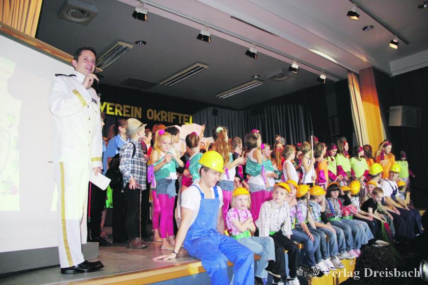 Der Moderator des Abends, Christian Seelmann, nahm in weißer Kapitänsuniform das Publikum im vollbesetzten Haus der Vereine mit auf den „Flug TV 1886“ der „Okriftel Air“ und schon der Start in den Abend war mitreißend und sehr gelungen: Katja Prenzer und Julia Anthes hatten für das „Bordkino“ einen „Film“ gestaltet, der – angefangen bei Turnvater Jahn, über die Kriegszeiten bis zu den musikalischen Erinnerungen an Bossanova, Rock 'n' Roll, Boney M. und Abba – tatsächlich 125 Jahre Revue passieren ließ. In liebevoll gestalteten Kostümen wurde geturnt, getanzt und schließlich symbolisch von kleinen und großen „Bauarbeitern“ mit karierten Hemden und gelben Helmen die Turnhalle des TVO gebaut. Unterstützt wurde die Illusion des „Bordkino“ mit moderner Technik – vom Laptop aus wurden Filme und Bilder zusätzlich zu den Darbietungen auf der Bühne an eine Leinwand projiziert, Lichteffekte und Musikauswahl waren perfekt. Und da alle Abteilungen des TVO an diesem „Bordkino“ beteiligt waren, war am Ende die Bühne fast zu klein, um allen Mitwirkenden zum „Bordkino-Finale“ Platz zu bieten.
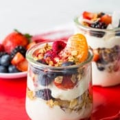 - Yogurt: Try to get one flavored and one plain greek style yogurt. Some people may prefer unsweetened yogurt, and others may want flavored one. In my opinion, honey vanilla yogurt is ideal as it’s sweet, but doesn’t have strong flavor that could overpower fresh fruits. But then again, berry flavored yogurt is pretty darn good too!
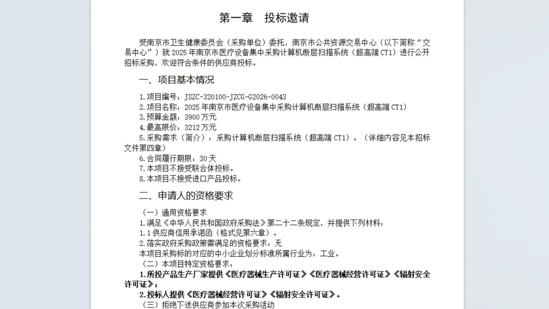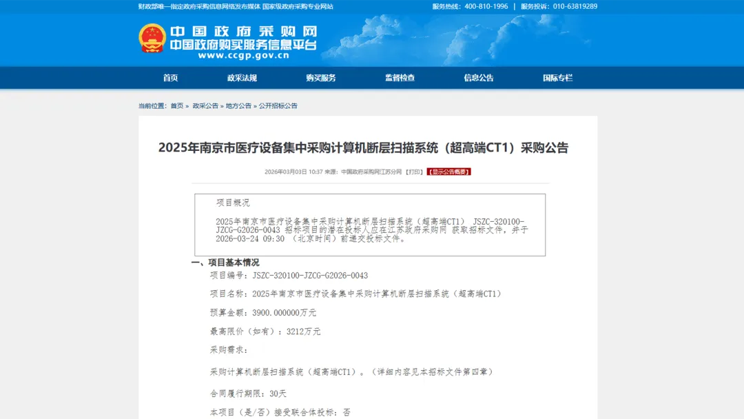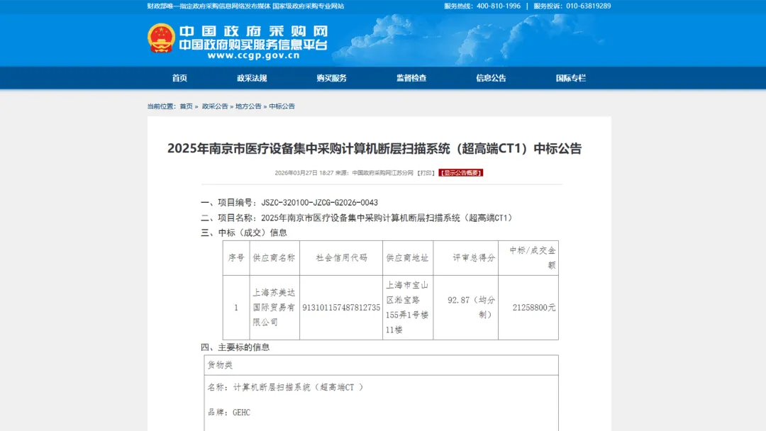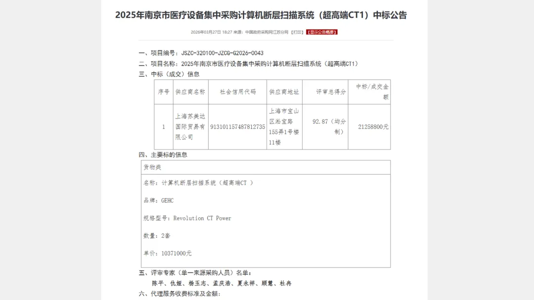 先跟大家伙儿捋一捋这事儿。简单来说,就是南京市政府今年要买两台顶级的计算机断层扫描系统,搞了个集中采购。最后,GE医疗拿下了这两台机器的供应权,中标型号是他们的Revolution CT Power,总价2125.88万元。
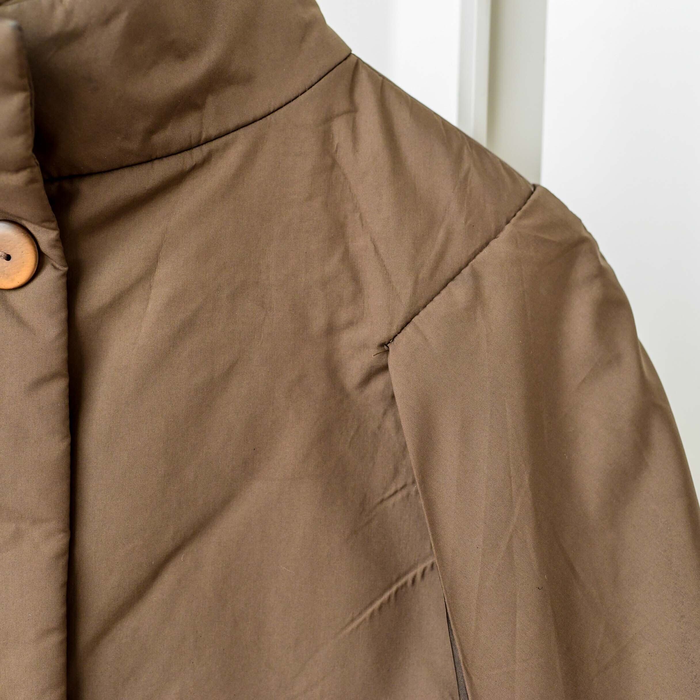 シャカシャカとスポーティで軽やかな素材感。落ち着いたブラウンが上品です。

==*==

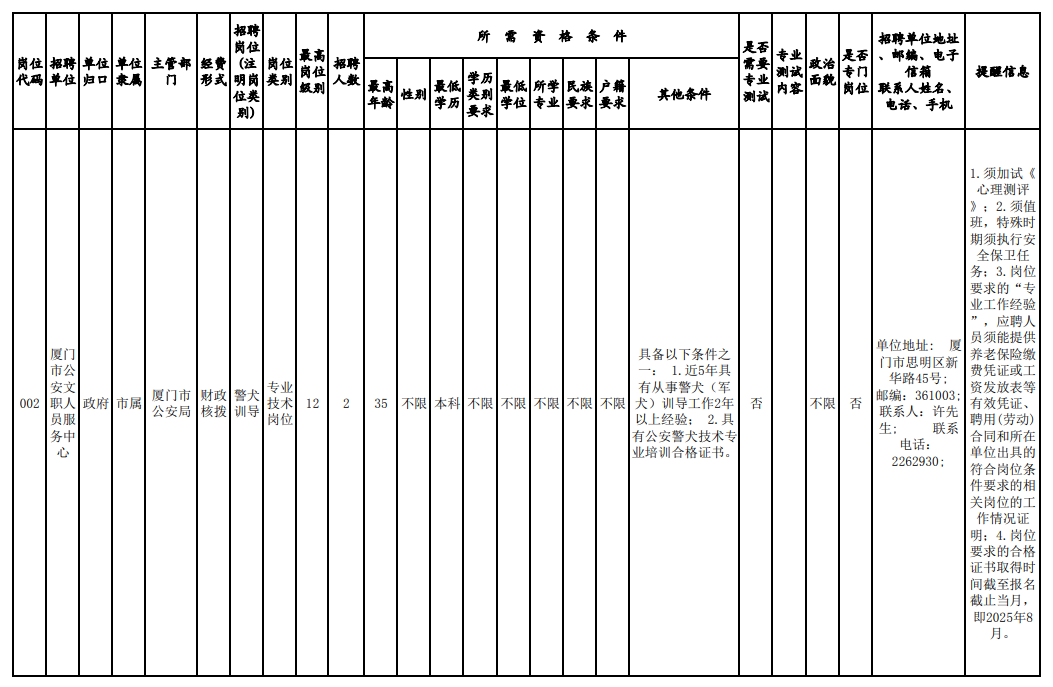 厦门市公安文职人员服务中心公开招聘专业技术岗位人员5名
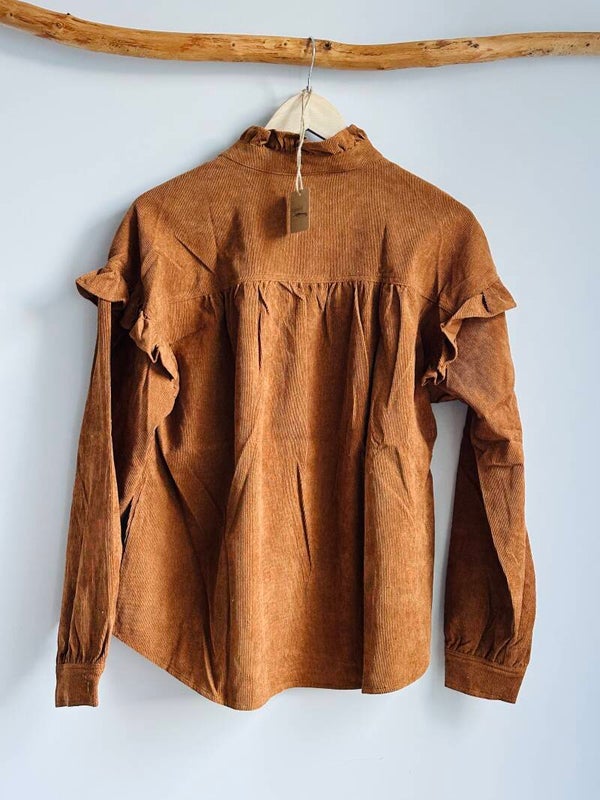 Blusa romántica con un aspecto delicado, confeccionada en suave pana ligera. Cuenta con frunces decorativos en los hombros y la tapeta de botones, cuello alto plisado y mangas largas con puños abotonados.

==*==

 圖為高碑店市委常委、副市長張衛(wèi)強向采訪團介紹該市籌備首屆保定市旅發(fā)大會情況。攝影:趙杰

==*==

# Task directions
The answer is the lines above from the one with "- Yogurt: Try" to the one with "シャカシャカとスポーティで軽やかな素材感。落ち着いたブラウンが上品です。", set down exactly, with no pictures.

# Exercise response
 - Yogurt: Try to get one flavored and one plain greek style yogurt. Some people may prefer unsweetened yogurt, and others may want flavored one. In my opinion, honey vanilla yogurt is ideal as it’s sweet, but doesn’t have strong flavor that could overpower fresh fruits. But then again, berry flavored yogurt is pretty darn good too!
 先跟大家伙儿捋一捋这事儿。简单来说,就是南京市政府今年要买两台顶级的计算机断层扫描系统,搞了个集中采购。最后,GE医疗拿下了这两台机器的供应权,中标型号是他们的Revolution CT Power,总价2125.88万元。
 シャカシャカとスポーティで軽やかな素材感。落ち着いたブラウンが上品です。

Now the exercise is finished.